EXERCISE OBJECTIVE: Pictures are to be omitted; everything else in the data must be transcribed exactly.

INFORMATION SHOWN:
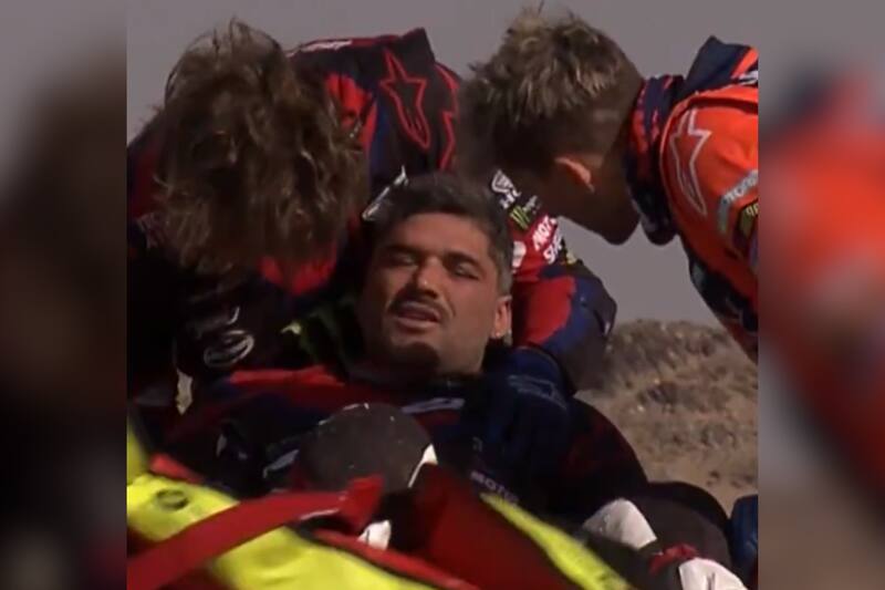 “Apreté todos los botones en la moto, no sabía qué más apretar para que lleguen. Nos llamaron de la organización y empezaron a hacer mil preguntas. Yo les pedía que manden el helicóptero lo más rápido posible y se habrán demorado unos 12 minutos”, agregó el piloto argentino.
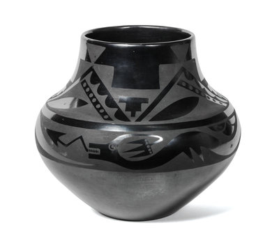 Maria Martinez and Popovi Da (1887-1980, 1922-1971) San Ildefonso Blackware Jar
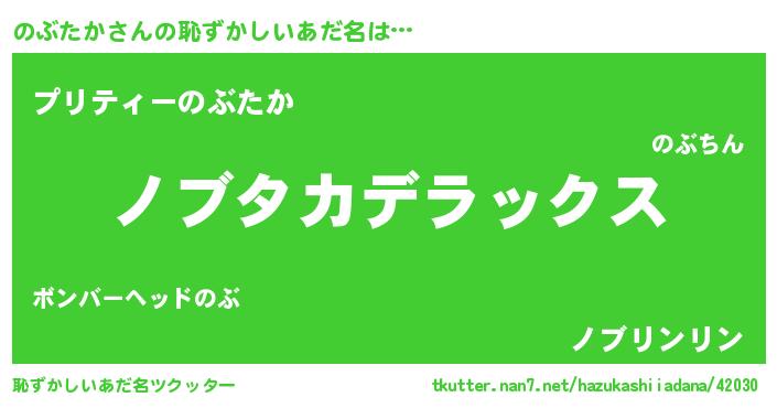 | ヒーロー風カッコイイあだ名 | 『最強戦士ノブタカ』『仮面ノブダー』 |

THE ANSWER:
 “Apreté todos los botones en la moto, no sabía qué más apretar para que lleguen. Nos llamaron de la organización y empezaron a hacer mil preguntas. Yo les pedía que manden el helicóptero lo más rápido posible y se habrán demorado unos 12 minutos”, agregó el piloto argentino.
 Maria Martinez and Popovi Da (1887-1980, 1922-1971) San Ildefonso Blackware Jar
 | ヒーロー風カッコイイあだ名 | 『最強戦士ノブタカ』『仮面ノブダー』 |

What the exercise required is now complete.